Definition of Fiscal imbalance:
Occurs when all of a governments future debt obligations are different from its future streams of income. These streams of income as well as the obligations are measured at their present values. They will then be discounted at the risk free rate with a certain spread added.
Fiscal imbalance refers to a situation where all of the future debt obligations of a government are different from the future income streams. There are two types of imbalance that can impact a government's expenditures and revenues: vertical fiscal imbalance and horizontal fiscal imbalance. The obligations and the income streams are measured at their respective present values and will be discounted at the risk-free rate plus a certain spread. .
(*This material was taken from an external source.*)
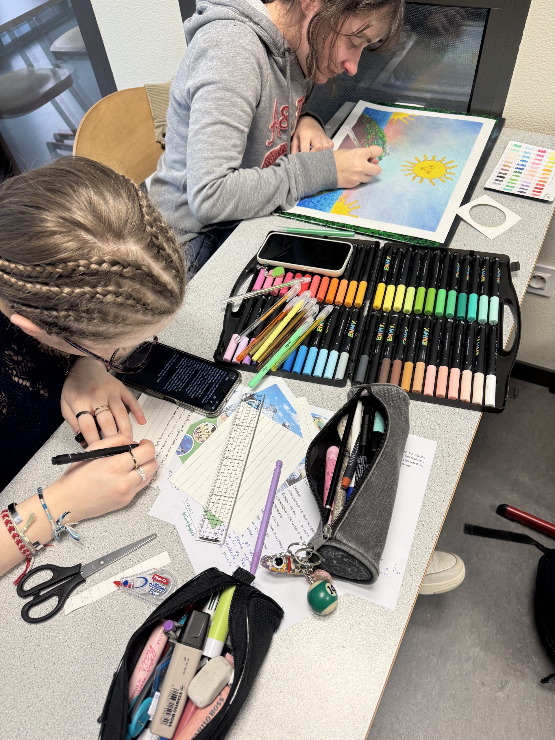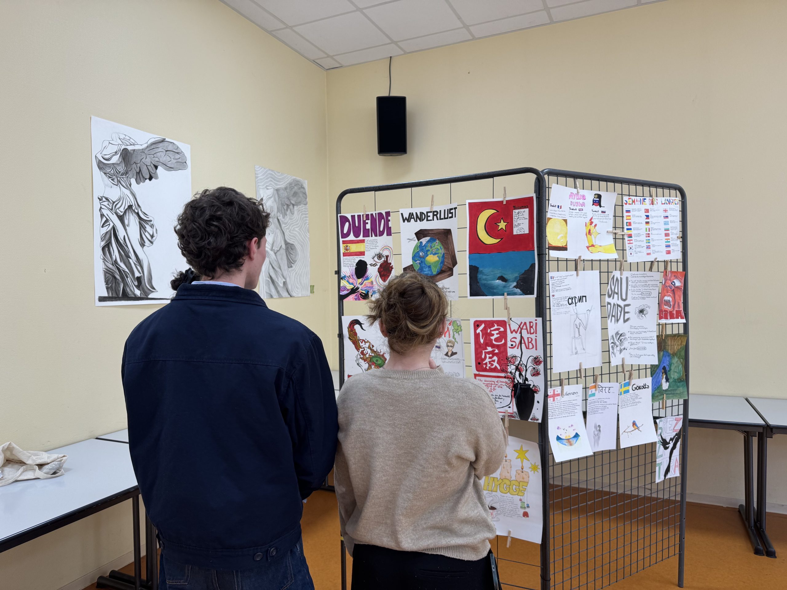 Tout au long de la semaine, élèves et étudiants ont exploré les langues vivantes à travers des projets variés, mêlant réflexion linguistique, expression artistique et ouverture culturelle. Entre travail sur les mots intraduisibles en anglais, création d’acrostiches ou encore musique en espagnol, chacun a pu expérimenter différentes manières de donner vie aux langues.

Fiscal imbalances can occur for a government at any given time. If there is a sustained positive fiscal imbalance, then tax revenues will likely increase in the future, causing current and future household consumption to fall.
How to use Fiscal imbalance in a sentence?
- A horizontal fiscal imbalance occurs when revenues do not match expenditures for different regions of the country.
- A vertical fiscal imbalance occurs when revenues do not match expenditures for different government levels.
- Fiscal imbalance occurs when there is a mismatch between a government's future debt obligations and future income streams.
- Vertical and horizontal fiscal imbalance are the two types of imbalance that can impact a government's expenditures and revenues.